_Task_. Each entry below should be written out exactly as it is, with no pictures.

(Data to use)

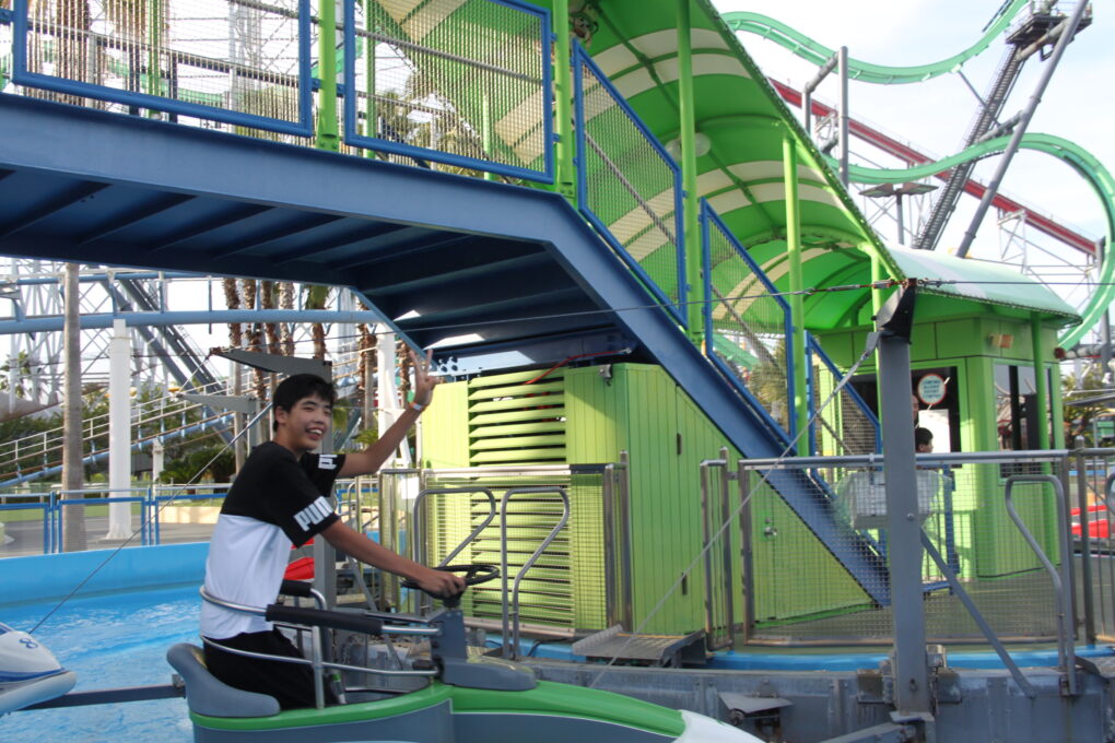 ナガシマスパーランドの午後はグループ編成を少し変更して楽しみました。いろいろな種類のジェットコースターやゆったりと乗ることができる汽車やゴーカートに乗りました。また、お化け屋敷にも入ってスリルを味わいました。とても充実した1日でした。
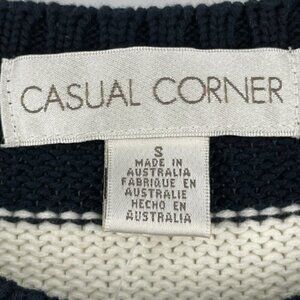 Made in Australia (guessing this dates to the 90s) in 100% cotton for Casual Corner features a large white intarsia star on front of navy field with white and navy stripes on back. Long sleeves in solid navy, slightly scoop neck, pullover style.
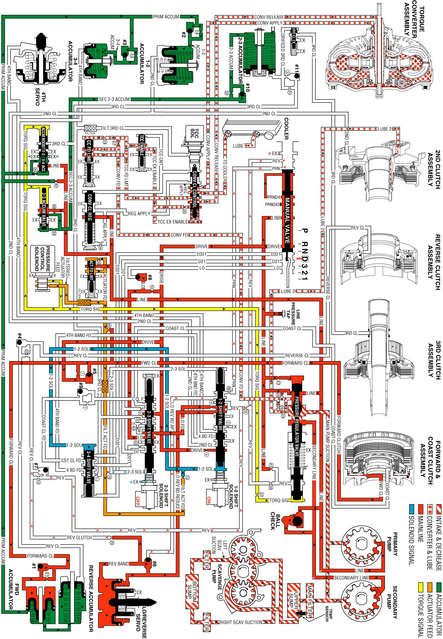 Forward clutch fluid actuates the forward accumulator piston during the apply of the forward clutch. Primary accumulator fluid on the spring side of the piston is forced back through its circuit to the 1-2 & 3-4 accumulator valve.
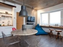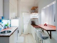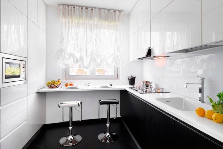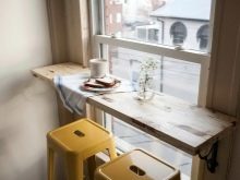 يمكن أن يكون خيار المطبخ الصغير عبارة عن طاولة طعام عتبة النافذة ، جنبًا إلى جنب مع منطقة العمل. يمكن اعتبار هذا الاستمرار ناجحًا لعائلة مكونة من شخصين..
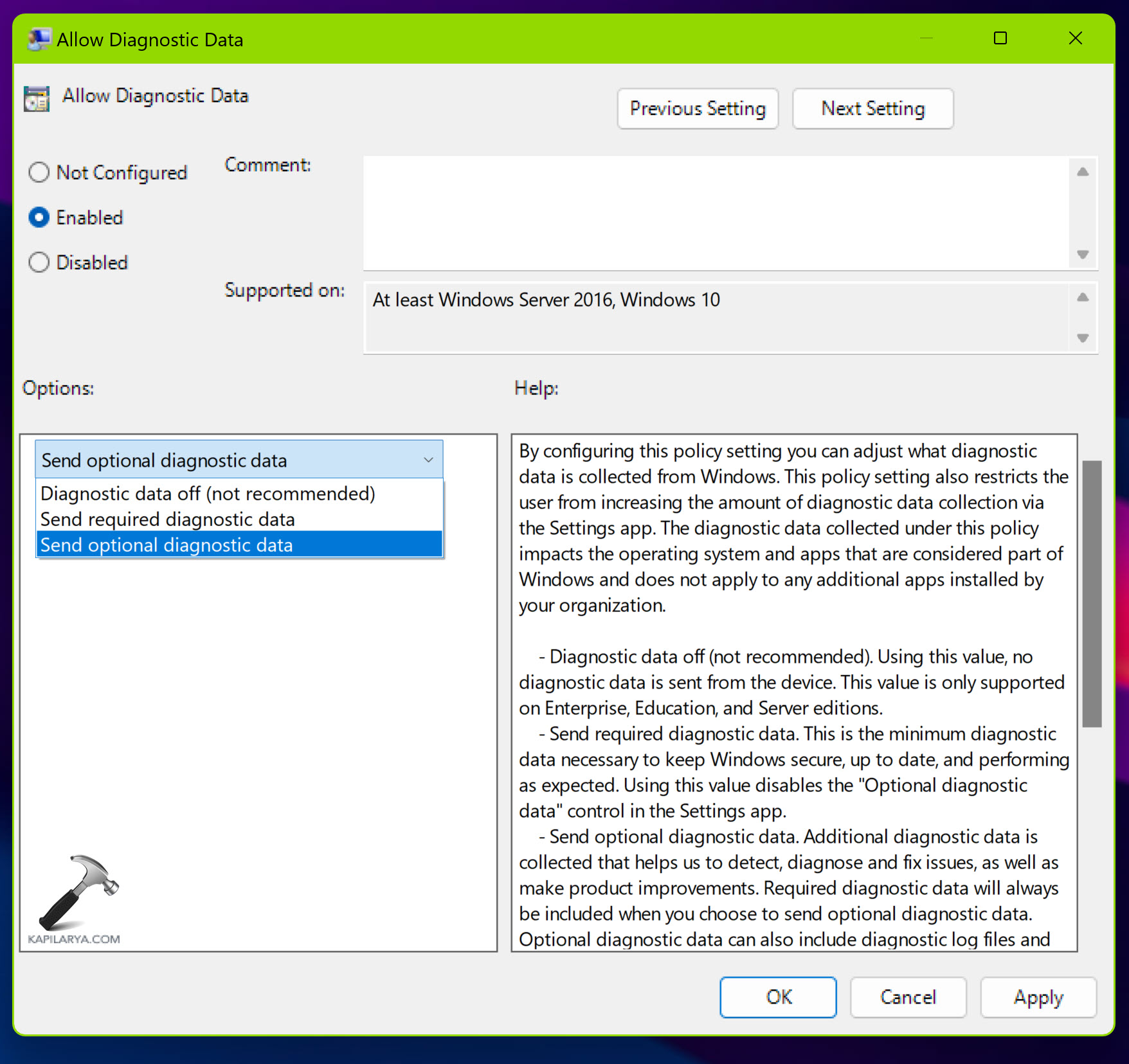 4. Ustaw zasadę na Włączoną, w Opcjach wybierz Wyślij opcjonalne dane diagnostyczne. Kliknij Zastosuj, OK.
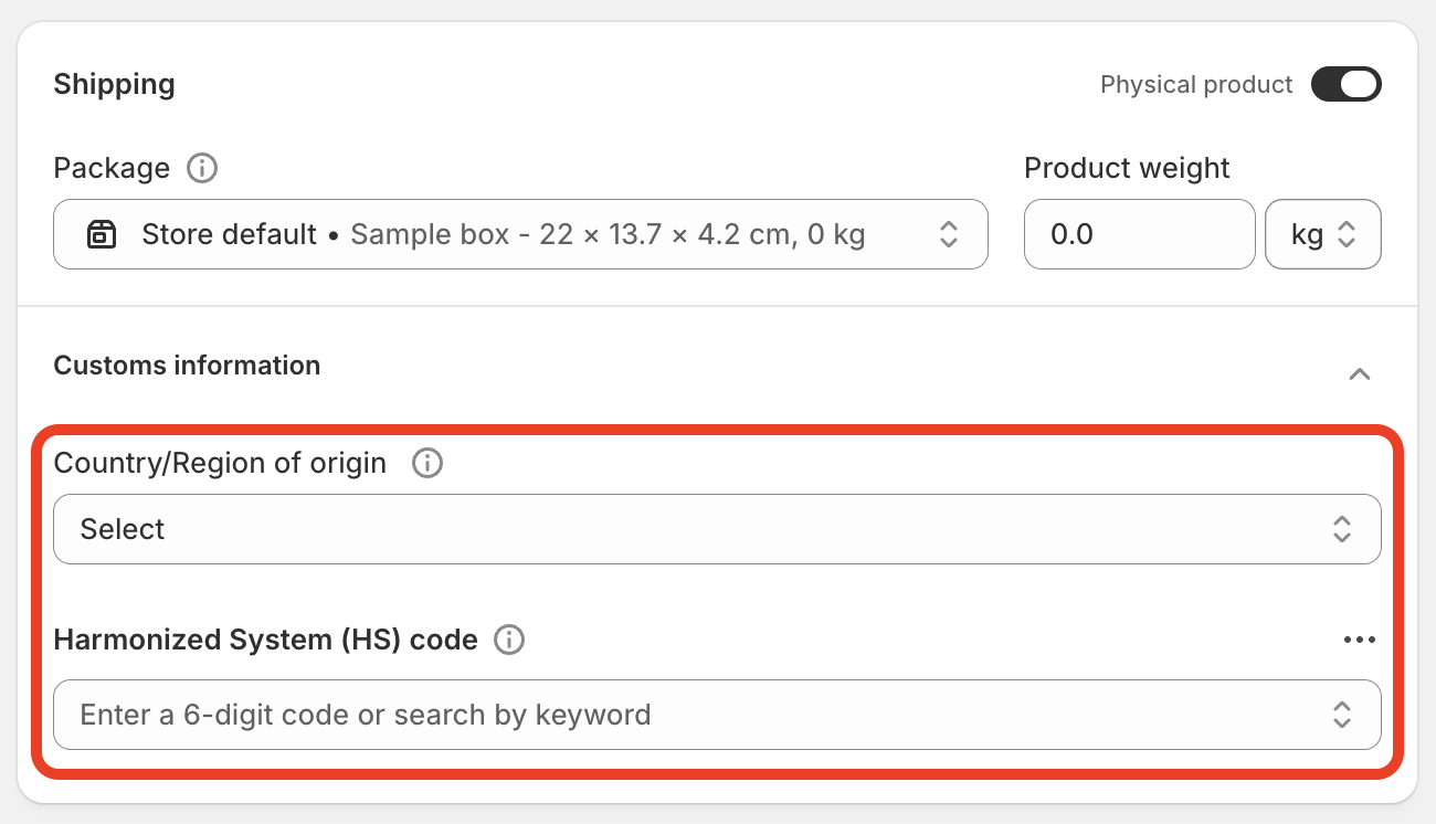 You can also use a CSV file to update your products if you need to make bulk updates and already have your HS codes and countries of origin on hand. Shopify provides full instructions on how to do that here.
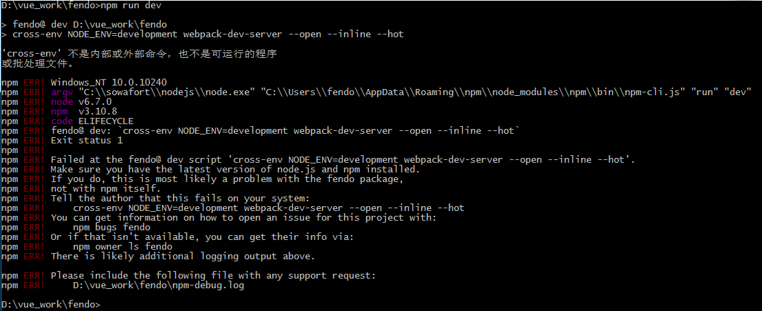 'NODE_ENV' 不是内部或外部命令,也不是可运行的程序或批处理文件。npm ERR! Windows_NT 6.1.7601npm ERR! argv "D:\nodejs\node.exe" "D:\nodejs\node_modules\npm\bin\npm-cli.js" "start"npm ERR! node v4.0.0-rc.5npm ERR! npm v2.14.2npm ERR! code ELIFECYCLEnpm ERR! yy-ydh-web@1.0.7 start: `npm run clear&& NODE_ENV=development && webpack-dev-server --host 0.0.0.0 --devtool eval --progress --color --profile`npm ERR! Exit status 1npm ERR!npm ERR! Failed at the yy-ydh-web@1.0.7 start script 'npm run clear&& NODE_ENV=development && webpack-dev-server --host0.0.0.0 --devtool eval --progress --color --profile'.npm ERR! This is most likely a problem with the yy-ydh-web package,npm ERR! not with npm itself.npm ERR! Tell the author that this fails on your system:npm ERR! npm run clear&& NODE_ENV=development && webpack-dev-server --host 0.0.0.0 --devtool eval --progress --color --profilenpm ERR! You can get their info via:npm ERR! npm owner ls yy-ydh-webnpm ERR! There is likely additional logging output above.npm ERR! Please include the following file with any support request:npm ERR! D:workspacenode_modulesyy-ydh-webnpm-debug.log
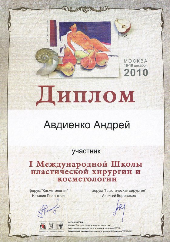 Врач хороший и сотрудники у него отличные. Доктор Авдиенко провел отличную консультацию и работу, все замечательно. Делали маме пластику груди.

(End Data to use)

_Finished exercise_.
 ナガシマスパーランドの午後はグループ編成を少し変更して楽しみました。いろいろな種類のジェットコースターやゆったりと乗ることができる汽車やゴーカートに乗りました。また、お化け屋敷にも入ってスリルを味わいました。とても充実した1日でした。
 Made in Australia (guessing this dates to the 90s) in 100% cotton for Casual Corner features a large white intarsia star on front of navy field with white and navy stripes on back. Long sleeves in solid navy, slightly scoop neck, pullover style.
 Forward clutch fluid actuates the forward accumulator piston during the apply of the forward clutch. Primary accumulator fluid on the spring side of the piston is forced back through its circuit to the 1-2 & 3-4 accumulator valve.
 يمكن أن يكون خيار المطبخ الصغير عبارة عن طاولة طعام عتبة النافذة ، جنبًا إلى جنب مع منطقة العمل. يمكن اعتبار هذا الاستمرار ناجحًا لعائلة مكونة من شخصين..
 4. Ustaw zasadę na Włączoną, w Opcjach wybierz Wyślij opcjonalne dane diagnostyczne. Kliknij Zastosuj, OK.
 You can also use a CSV file to update your products if you need to make bulk updates and already have your HS codes and countries of origin on hand. Shopify provides full instructions on how to do that here.
 'NODE_ENV' 不是内部或外部命令,也不是可运行的程序或批处理文件。npm ERR! Windows_NT 6.1.7601npm ERR! argv "D:\nodejs\node.exe" "D:\nodejs\node_modules\npm\bin\npm-cli.js" "start"npm ERR! node v4.0.0-rc.5npm ERR! npm v2.14.2npm ERR! code ELIFECYCLEnpm ERR! yy-ydh-web@1.0.7 start: `npm run clear&& NODE_ENV=development && webpack-dev-server --host 0.0.0.0 --devtool eval --progress --color --profile`npm ERR! Exit status 1npm ERR!npm ERR! Failed at the yy-ydh-web@1.0.7 start script 'npm run clear&& NODE_ENV=development && webpack-dev-server --host0.0.0.0 --devtool eval --progress --color --profile'.npm ERR! This is most likely a problem with the yy-ydh-web package,npm ERR! not with npm itself.npm ERR! Tell the author that this fails on your system:npm ERR! npm run clear&& NODE_ENV=development && webpack-dev-server --host 0.0.0.0 --devtool eval --progress --color --profilenpm ERR! You can get their info via:npm ERR! npm owner ls yy-ydh-webnpm ERR! There is likely additional logging output above.npm ERR! Please include the following file with any support request:npm ERR! D:workspacenode_modulesyy-ydh-webnpm-debug.log
 Врач хороший и сотрудники у него отличные. Доктор Авдиенко провел отличную консультацию и работу, все замечательно. Делали маме пластику груди.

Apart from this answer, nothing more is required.